Vocal production was supervised by Matias. Dawn Robinson sings the entire lead while Maxine Jones performs the bridge. Cindy Herron performs a verse to the bridge. Terry Ellis sings outro lyrics in the music video version and "Fulton Yard Mix". Martin Terry and Tommy Martin played the guitars on the song, while drums were played by Lil' John. Marvin "Chanz" Parkman played the grand piano. The song compelled Elektra mogul Sylvia Rhone to place En Vogue back in the studio to record their EV3 project for release in 1997. While the other group members plus the record producers and label executives were focused on the new En Vogue album, Dawn Robinson wanted to pursue a solo career. Forced to choose between the group or her solo project, Robinson decided to leave En Vogue for a recording deal with Dr. Dre's Aftermath Records. The turn of events following the success of the song was the beginning of a long and tumultuous era for En Vogue as member changes became quite frequent.

==Critical reception==
AllMusic editor Stephen Thomas Erlewine described the song as "yearning". Larry Flick from Billboard magazine called it a "bluesy interlude", and commented further that the harmonies are "instantly recognizable, flexing sweetly over the track's live funk beat and snaky guitar licks. If you're looking for a duplication of past hits, forget it. This is a far more musically mature effort that will appeal to both street and sophisticated tastes." J.D. Considine from Entertainment Weekly wrote in his review of EV3, "No surprise, then, that although the women get top billing, the arrangements are the real stars. 'Don't Let Go (Love)' is the most obvious example, since the interplay between lead and background vocals is as disciplined as it is dramatic." Another EW editor, David Grad, noted its "combination of sensual harmonies and sultry attitude", and deemed it as a "provocative little offering". Dave Ferman from Fort Worth Star-Telegram said the song is "hauntingly lush", and that it "finds the singers' voices ebbing and flowing like the ocean on a threatening day." A reviewer from Music Week gave it four out of five, stating that "the girls let rip with a swoonsome, powerful single" and a "positive taster" for a spring album, that "should please fans and ensure they attract a few more."
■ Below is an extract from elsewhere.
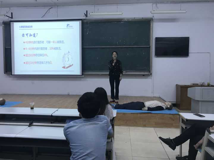 讲座伊始,湘岳医院护理部主任周瑞红为同学们讲了血吸虫病的预防。她从血吸虫的生活史、人是怎样得血吸虫病、血吸虫病的个体防护这三个部分进行了系统地讲解,并强调大家从根本上预防血吸虫病,即避免接触疫水。讲解完毕后,周瑞红主任护师就讲解的内容进行了提问,同学们积极回答,并获赠了相关书籍。随后,湘岳医院慢性伤口造口门诊护士长周燕为同学们讲解了心肺复苏术的使用方法。心肺复苏术具体分为六步:评估判断、呼救支援、调整体位、胸外按压、开放气道、人工呼吸。介绍完毕,周燕老师邀请了部分同学上台进行教学实践,同学们踊跃参与。

Gerald Martinez from New Straits Times called it "dramatic", noting that "this song has all the punch, power and stunning voices in harmony that one has come to expect from En Vogue." Rebecca Schiller from NME said the group's performance "was gutsy and full of knowing gravitas." Another NME editor, John Mulvey, stated that the single "retains a frankly terrifying power". A reviewer for People Magazine wrote that it is "still smoldering", noting the song's "tough sound", and naming it the highlight of EV3. Elysa Gardner from Rolling Stone described it as an "even more aggressive tune", and added that the "slow-burning" track "promotes romantic and carnal abandon, advising lovers to proceed without caution." Laura Jamison from Salon Magazine noted it as a "tempestuous" and "sexy" single. Ann Powers from Spin called it a "cry for a lover's loyalty that En Vogue convert into a nonnegotiable demand". She complimented the song as their "highest achievement" on EV3. Ian Hyland from Sunday Mirror commented, "The hit singles 'Whatever' and 'Don't Let Go' may well be brilliant but they only add more spice to a mighty fine collection."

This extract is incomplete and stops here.